■ **Description of the task**
Bring back every record exactly, except for the pictures, which stay out.

■ **Data in this exercise**

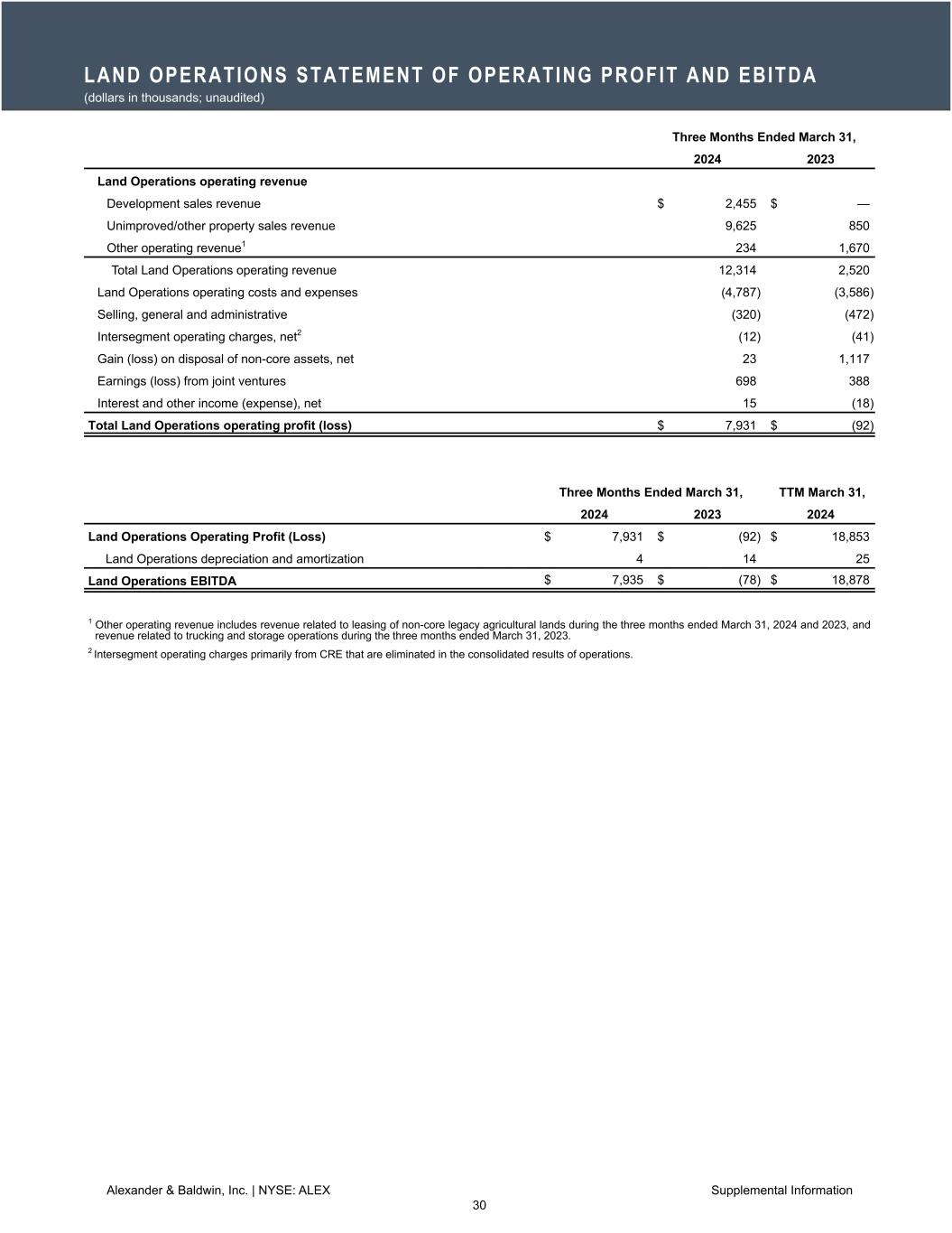土地运营运营运营利润和EBITDA报表(单位:千美元;未经审计)截至2024年3月31日的三个月2023年土地运营运营运营收入开发销售收入$ 2,455 $ —未改善/其他物业销售收入9,625850其他运营收入12341,670土地运营运营总运营收入12,3142,520土地运营运营运营运营成本和费用(4,787)(3,586)销售、一般和行政(320)(472)分部间运营费用,净额2(12)(41)非核心资产处置收益(亏损),净额231,117来自合营企业的收益(亏损)698388利息和其他收入(费用),Net 15(18)Total Land Operations Operating Profit(loss)$ 7,931(92)截至3月31日止三个月TTM 2024年3月31日2023年2024年Land Operations Operating Profit(loss)$ 7,931 $(92)$ 18,853 Land Operations Depreciation and Amortization 41425 Land Operations EBITDA $ 7,935 $(78)$ 18,8781其他经营收入包括截至2024年3月31日和2023年3月31日止三个月与租赁非核心遗留农业用地相关的收入,以及截至2023年3月31日止三个月与卡车运输和仓储业务相关的收入。2主要来自CRE的分部间运营费用在综合经营业绩中消除。Alexander & Baldwin, Inc. | NYSE:ALEX补充信息30
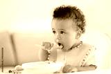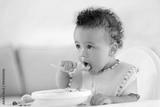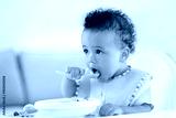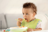 Little baby eating fruit puree indoors
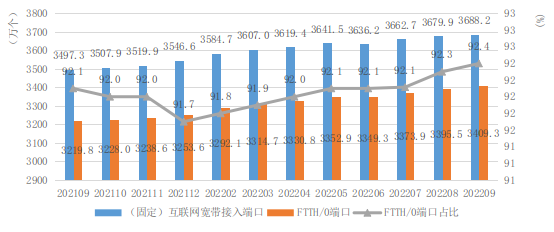 截至9月底,福建省固定寬帶接入端口達(dá)3688.2萬(wàn)個(gè),同比增長(zhǎng)5.5%。其中,光纖接入(FTTH/O)端口3409.3萬(wàn)個(gè),占比92.4%。具備千兆網(wǎng)絡(luò)服務(wù)能力的10G PON端口達(dá)38.5萬(wàn)個(gè),比上年末增加10.5萬(wàn)個(gè)。
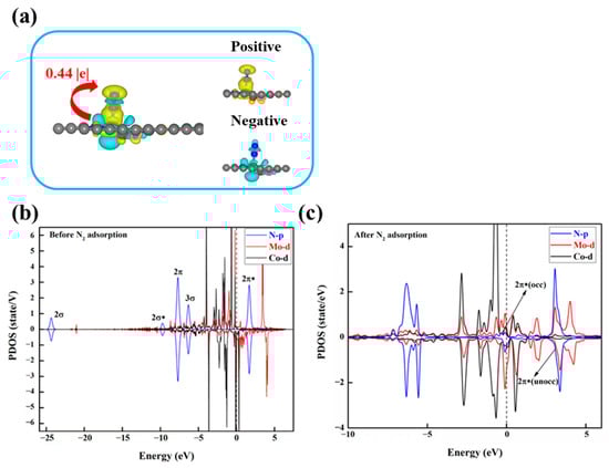 (a) Charge density differences after N2 adsorption on MoCo@N4O2-G and Bader charge (Q*N2, |e|) after N2 adsorption. The C, N, O, Mo, and Co atoms are labeled as gray, blue, red, green, and pink balls, respectively. The electrons accumulation and loss are represented by yellow and cyan areas. (b) PDOS before and (c) after N2 adsorption on MoCo@N4O2-G. The black dashed line represents the Fermi energy level.
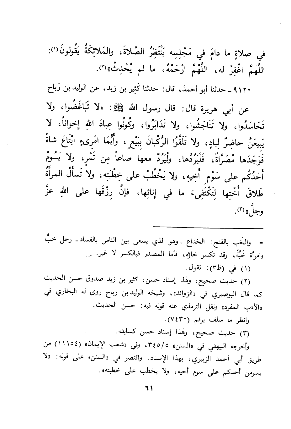 ٩١٢٠ - حَدَّثَنَا أَبُو أَحْمَدَ، قَالَ: حَدَّثَنَا كَثِيرُ بْنُ زَيْدٍ، عَنِ الْوَلِيدِ بْنِ رَبَاحٍ، عَنْ أَبِي هُرَيْرَةَ، قَالَ: قَالَ رَسُولُ اللهِ صَلَّى اللهُ عَلَيْهِ وَسَلَّمَ: " لَا تَبَاغَضُوا، وَلَا تَحَاسَدُوا، وَلَا تَنَاجَشُوا، وَلَا تَدَابَرُوا، وَكُونُوا عِبَادَ اللهِ إِخْوَانًا "
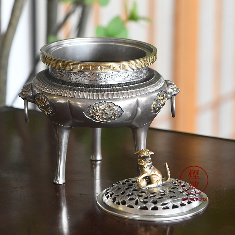 Japan's Fuzan Takaoka Snow for Pure Silver Overdraft Flowers Birds Silver Incense Stove Incense Stove Smoke Polo-Taobao
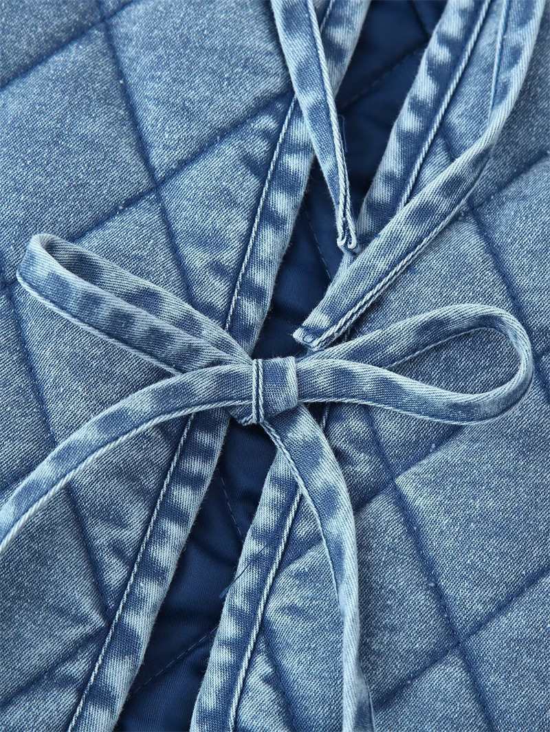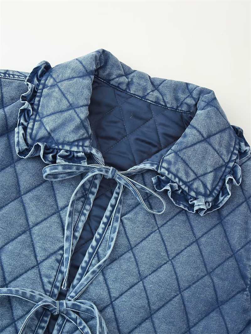 Moda Casual Nuevo Estilo Europeo y Americano Chaqueta de Mezclilla Holgada de Verano para Mujer con Lazo Mangas Largas Solapa de Comercio Exterior
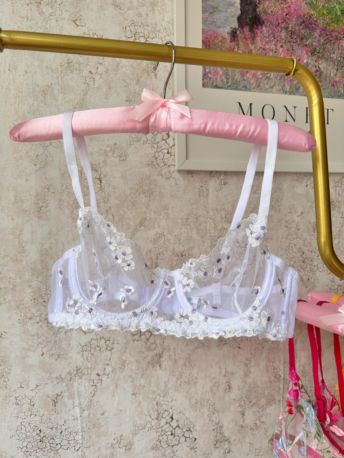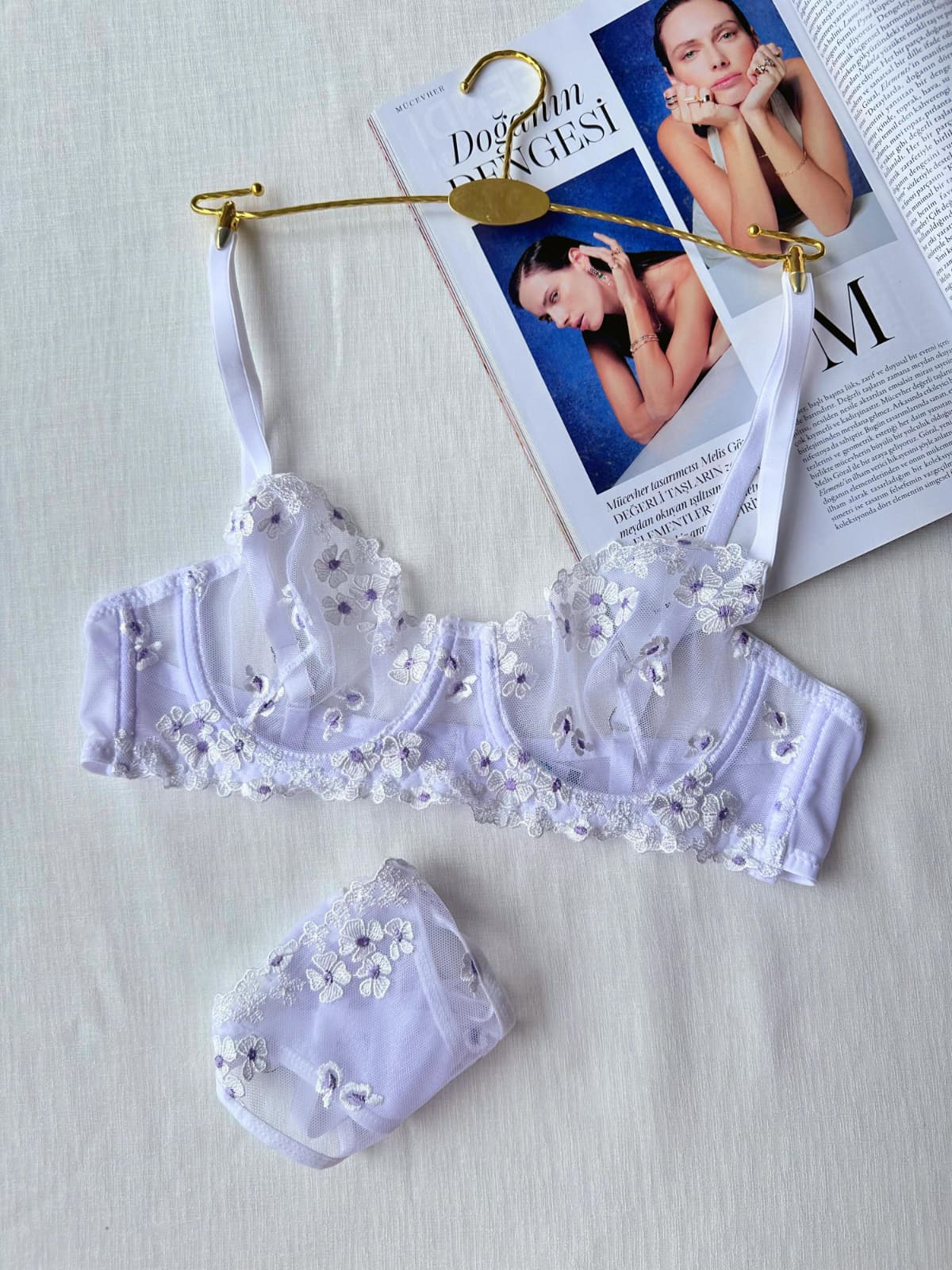 Beyaz Mor Çiçekli Dantelli Balenli Balkonet Sütyen Takımı
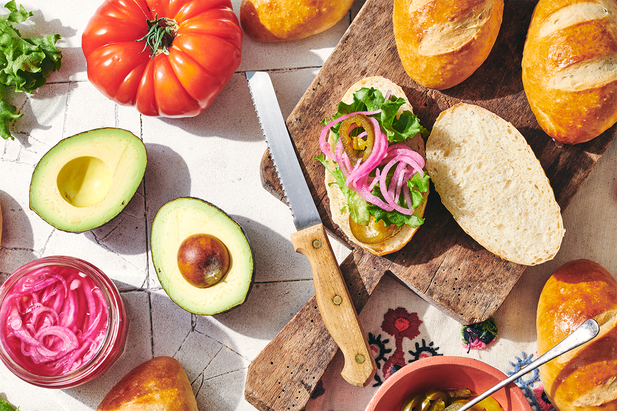 This staple bread for Mexican sandwiches is made in bakeries all over Mexico; it's a smaller cousin of French bread, with a softer texture inside, and a crispy crust on the outside. Telera rolls show up at any meal, split and adorned with any number of luscious fillings. Telera are most often used for the Mexican sandwich known as a torta, which usually contains mashed avocado, a spread made of black beans or refried beans, pickled jalapenos, lettuce, tomato, and onion.
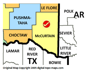 | current | ★ Approved revision 13:33, 4 April 2018 | 299 × 246 (33 KB) | Bethcottam (talk | contribs) | Map courtesy of [Oklahoma: https://www.digital-topo-maps.com/county-map/oklahoma.shtml]. Copyright 2005.<br> Category:Oklahoma Maps Category:McCurtain County, Oklahoma |
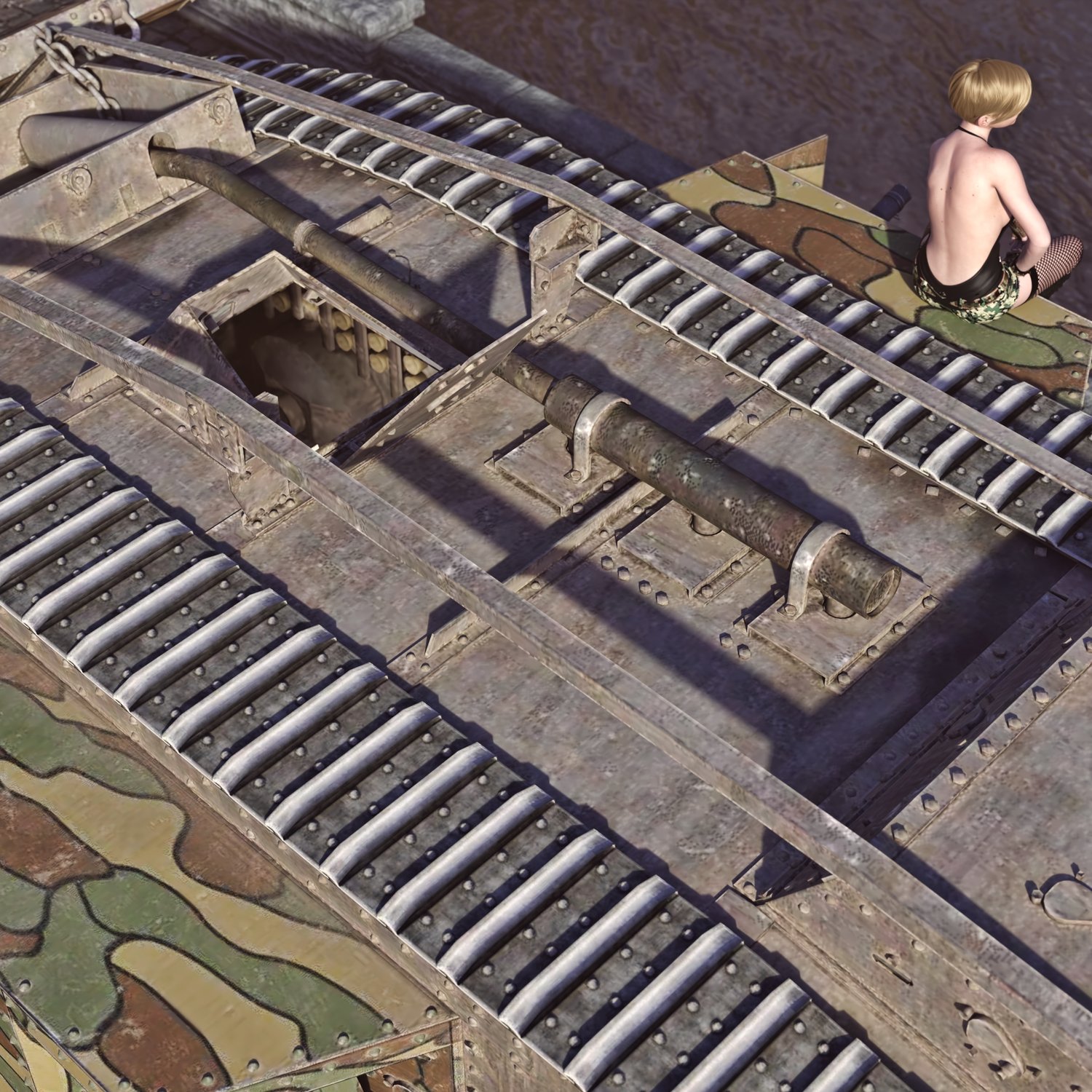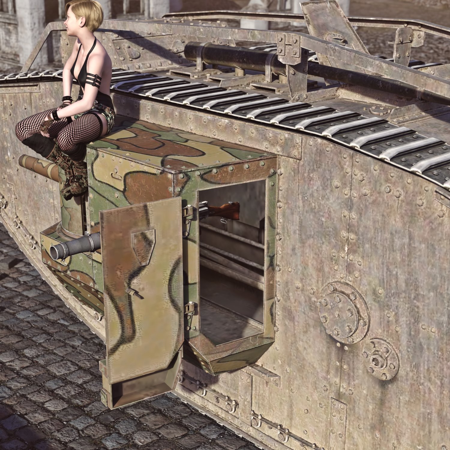 Can't go more vintage than this :D One of the first tanks, and the first one to be mass produced and used in combat en masse. Hatches are rigged for better dismount and more realistic pics. Though they probably don't help a lot with the hottest conditions inside. The side turrets also rotate and the guns pivots. Has a gun and a MG on each side and an MG at front. Amazing piece of history, now for your DAZ pictures. Upper hatch and front viewing hatches also rigged, for added coolness. The prop is converted and rigged for DAZ.

■ **Answer space**
土地运营运营运营利润和EBITDA报表(单位:千美元;未经审计)截至2024年3月31日的三个月2023年土地运营运营运营收入开发销售收入$ 2,455 $ —未改善/其他物业销售收入9,625850其他运营收入12341,670土地运营运营总运营收入12,3142,520土地运营运营运营运营成本和费用(4,787)(3,586)销售、一般和行政(320)(472)分部间运营费用,净额2(12)(41)非核心资产处置收益(亏损),净额231,117来自合营企业的收益(亏损)698388利息和其他收入(费用),Net 15(18)Total Land Operations Operating Profit(loss)$ 7,931(92)截至3月31日止三个月TTM 2024年3月31日2023年2024年Land Operations Operating Profit(loss)$ 7,931 $(92)$ 18,853 Land Operations Depreciation and Amortization 41425 Land Operations EBITDA $ 7,935 $(78)$ 18,8781其他经营收入包括截至2024年3月31日和2023年3月31日止三个月与租赁非核心遗留农业用地相关的收入,以及截至2023年3月31日止三个月与卡车运输和仓储业务相关的收入。2主要来自CRE的分部间运营费用在综合经营业绩中消除。Alexander & Baldwin, Inc. | NYSE:ALEX补充信息30
 Little baby eating fruit puree indoors
 截至9月底,福建省固定寬帶接入端口達(dá)3688.2萬(wàn)個(gè),同比增長(zhǎng)5.5%。其中,光纖接入(FTTH/O)端口3409.3萬(wàn)個(gè),占比92.4%。具備千兆網(wǎng)絡(luò)服務(wù)能力的10G PON端口達(dá)38.5萬(wàn)個(gè),比上年末增加10.5萬(wàn)個(gè)。
 (a) Charge density differences after N2 adsorption on MoCo@N4O2-G and Bader charge (Q*N2, |e|) after N2 adsorption. The C, N, O, Mo, and Co atoms are labeled as gray, blue, red, green, and pink balls, respectively. The electrons accumulation and loss are represented by yellow and cyan areas. (b) PDOS before and (c) after N2 adsorption on MoCo@N4O2-G. The black dashed line represents the Fermi energy level.
 ٩١٢٠ - حَدَّثَنَا أَبُو أَحْمَدَ، قَالَ: حَدَّثَنَا كَثِيرُ بْنُ زَيْدٍ، عَنِ الْوَلِيدِ بْنِ رَبَاحٍ، عَنْ أَبِي هُرَيْرَةَ، قَالَ: قَالَ رَسُولُ اللهِ صَلَّى اللهُ عَلَيْهِ وَسَلَّمَ: " لَا تَبَاغَضُوا، وَلَا تَحَاسَدُوا، وَلَا تَنَاجَشُوا، وَلَا تَدَابَرُوا، وَكُونُوا عِبَادَ اللهِ إِخْوَانًا "
 Japan's Fuzan Takaoka Snow for Pure Silver Overdraft Flowers Birds Silver Incense Stove Incense Stove Smoke Polo-Taobao
 Moda Casual Nuevo Estilo Europeo y Americano Chaqueta de Mezclilla Holgada de Verano para Mujer con Lazo Mangas Largas Solapa de Comercio Exterior
 Beyaz Mor Çiçekli Dantelli Balenli Balkonet Sütyen Takımı
 This staple bread for Mexican sandwiches is made in bakeries all over Mexico; it's a smaller cousin of French bread, with a softer texture inside, and a crispy crust on the outside. Telera rolls show up at any meal, split and adorned with any number of luscious fillings. Telera are most often used for the Mexican sandwich known as a torta, which usually contains mashed avocado, a spread made of black beans or refried beans, pickled jalapenos, lettuce, tomato, and onion.
 | current | ★ Approved revision 13:33, 4 April 2018 | 299 × 246 (33 KB) | Bethcottam (talk | contribs) | Map courtesy of [Oklahoma: https://www.digital-topo-maps.com/county-map/oklahoma.shtml]. Copyright 2005.<br> Category:Oklahoma Maps Category:McCurtain County, Oklahoma |
 Can't go more vintage than this :D One of the first tanks, and the first one to be mass produced and used in combat en masse. Hatches are rigged for better dismount and more realistic pics. Though they probably don't help a lot with the hottest conditions inside. The side turrets also rotate and the guns pivots. Has a gun and a MG on each side and an MG at front. Amazing piece of history, now for your DAZ pictures. Upper hatch and front viewing hatches also rigged, for added coolness. The prop is converted and rigged for DAZ.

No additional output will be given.